Tuesday, June 16, 2015

Reader confusion on PolitiFact's Trump report card?

We have it from PolitiFact editor Angie Drobnic Holan that not much reader confusion exists about PolitiFact's candidate and network report cards. Readers supposedly know the report cards do not represent a scientific attempt to gauge the truthfulness of candidates.
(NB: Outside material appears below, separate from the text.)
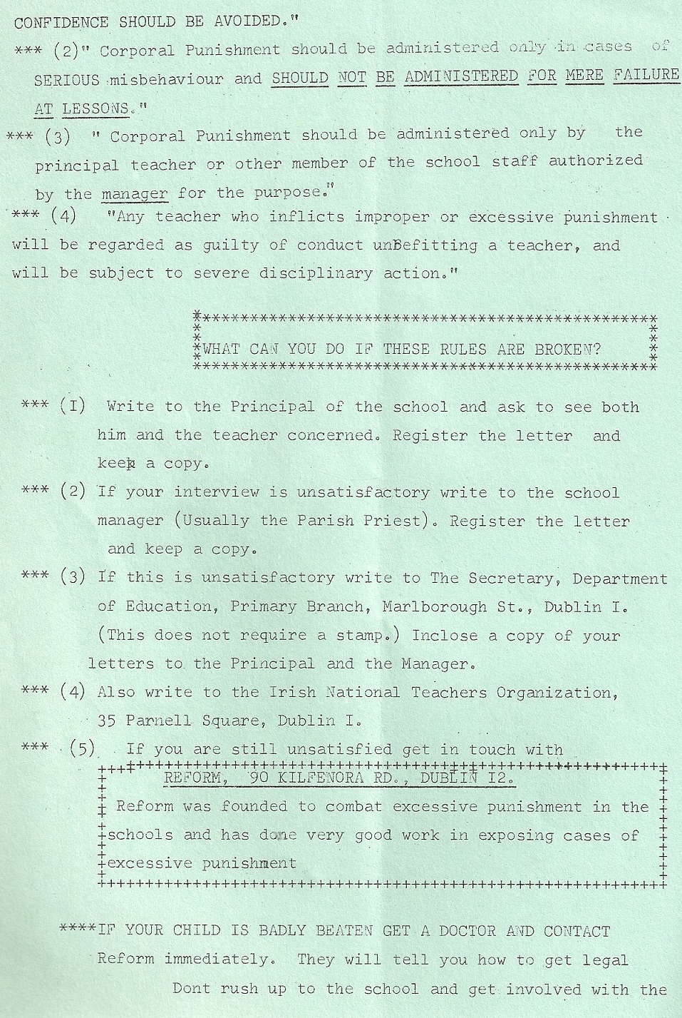 From 1969 ‘Your Rights. Corporal Punishment in National Schools’ from a Labour Party Magazine ‘Action’ » actioncp2

We find Holan's claim laughable.

We often see PolitiFact's readers expressing their confusion on FaceBook. The Donald Trump presidential candidacy, predictably accompanied by PolitiFact highlighting Trump's PolitiFact "report card" offers us yet anther opportunity to survey the effects of PolitiFact's deception.
  • "65% False or Pants on Fire.
    He's a FoxNews dream candidate"
  • "admittedly, 14 is a small sample size but 0% true!"
  • "Only 14 % Mostly True ??? 86 % from Half true to Pants on Fire - FALSE !!! YES - THIS IS THE KIND OF PERSON WE NEED IN THE WHITE HOUSE."
  •  "0% true? Now, why doesn't that surprise me?"
  •  "True zero percent of the time - zero. Great word, zero. Sums up this man's essence well I think"
  • "I believe this is the worst record I've seen?"
  • "Wow 0% true"
  • "Not one single true . sounds right"
  • "Profile of a habitual LIAR !"
  • "Just what we need another republican that can't tell the truth !!"
  • "His record is better than I expected, but still perfectly abysmal."
  • "I realize that Politifact doesn't check everything politicians say, but zero percent true? That's outrageous."
  • "You'd think the GOP would disqualify him for never telling the whole truth."
  • "Zero percent "true"!"
  • "He should do well with a record like that, lol!"
  • "Not a great record in the accuracy department."
  • "Never speaks the truth!!!!"
  • "This looks like the record of a pathological liar."
Occasionally a Facebook commenter gives us hope:
People who believe these percentages are the fools. It's a well known thing called "selection bias". It refers to the FACT they have not checked every statement he has made just a very few. The percentages given are from those their [sic] selected. It's a well known way to lie about someone and is commonly used by left wing media and is meant to inflame their base to believe everything they read that agrees with their own beliefs.
"There's not a lot of reader confusion out there." Right. Sure.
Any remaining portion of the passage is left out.